In practice, eneural network function consists of may tensor operations chained together, each of which has a simple, known derivativ.  E,g, consider network $f$, composed of 3 tensor operations $\mathbf{a}$, $\mathbf{b}$, and $\mathbf{c}$ with weight matrices $\mathbf{W1}$, $\mathbf{W2}$,$\mathbf{W3}$:

$$f(\mathbf{W1, W2, W3}) = \mathbf{a} (\mathbf{W1, b}( \mathbf{W2, c} (\mathbf{W3})))$$

chain rule:

$$\frac{d}{dx}f(g(x)) = f'(g(x))*g'(x)$$

applying chain rule to neural network gives rise to an algorithm called **backpropagation**, or *reverse-mode differentiation*.  You start with final loss value and work backwards from top layers to bottom layers, applying the chain rule to compute contribution that each parameter had in loss value.  

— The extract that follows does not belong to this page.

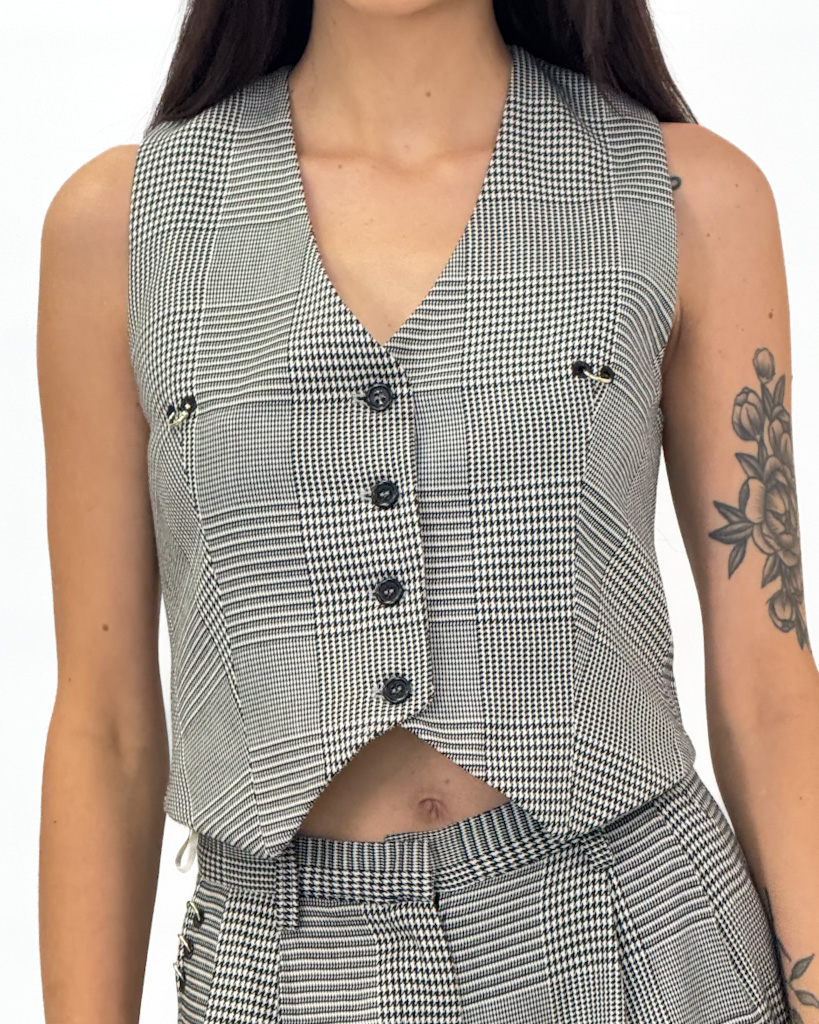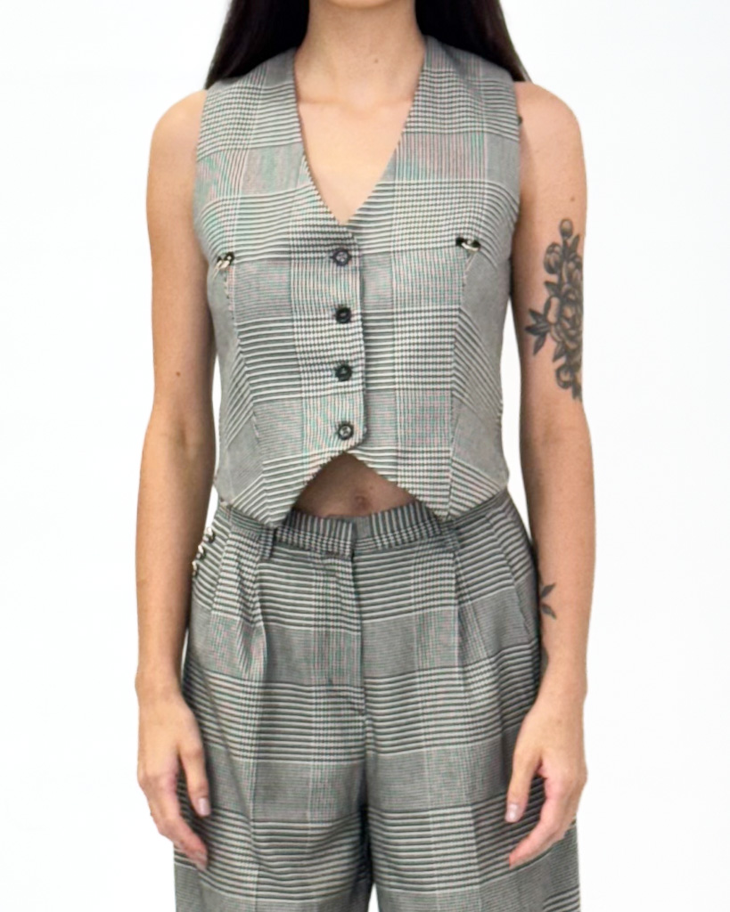 Dopasowana, damska kamizelka w pepitkę z materiału. Zapinana na guziki, idealna do kompletu z marynarką i spodniami. Styl, klasa i wygoda w jednym!

Tensor flow can do symbolic differentiation so gradient function becomes explicitly available. This means that Backpropagation algorithm simply becomes a call to this function. 

## Summary

* Learning means finding a combination of model parameters that minimizes a loss function for a given set of training data samples and their corresponding targets.
* Learning happens by drawing random batches of data samples and their targets, and computing the gradient of the network parameters with respect to the loss on the batch. The network parameters are then moved a bit (the magnitude of the move is defined by the learning rate) in the opposite direction from the gradient.
* The entire learning process is made possible by the fact that neural networks are chains of differentiable tensor operations, and thus it’s possible to apply the chain rule of derivation to find the gradient function mapping the current parameters and current batch of data to a gradient value.
* Two key concepts you’ll see frequently in future chapters are loss and optimizers. These are the two things you need to define before you begin feeding data into a network.
* The loss is the quantity you’ll attempt to minimize during training, so it should represent a measure of success for the task you’re trying to solve.
* The optimizer specifies the exact way in which the gradient of the loss will be used to update parameters: for instance, it could be the RMSProp optimizer, SGD with momentum, and so on.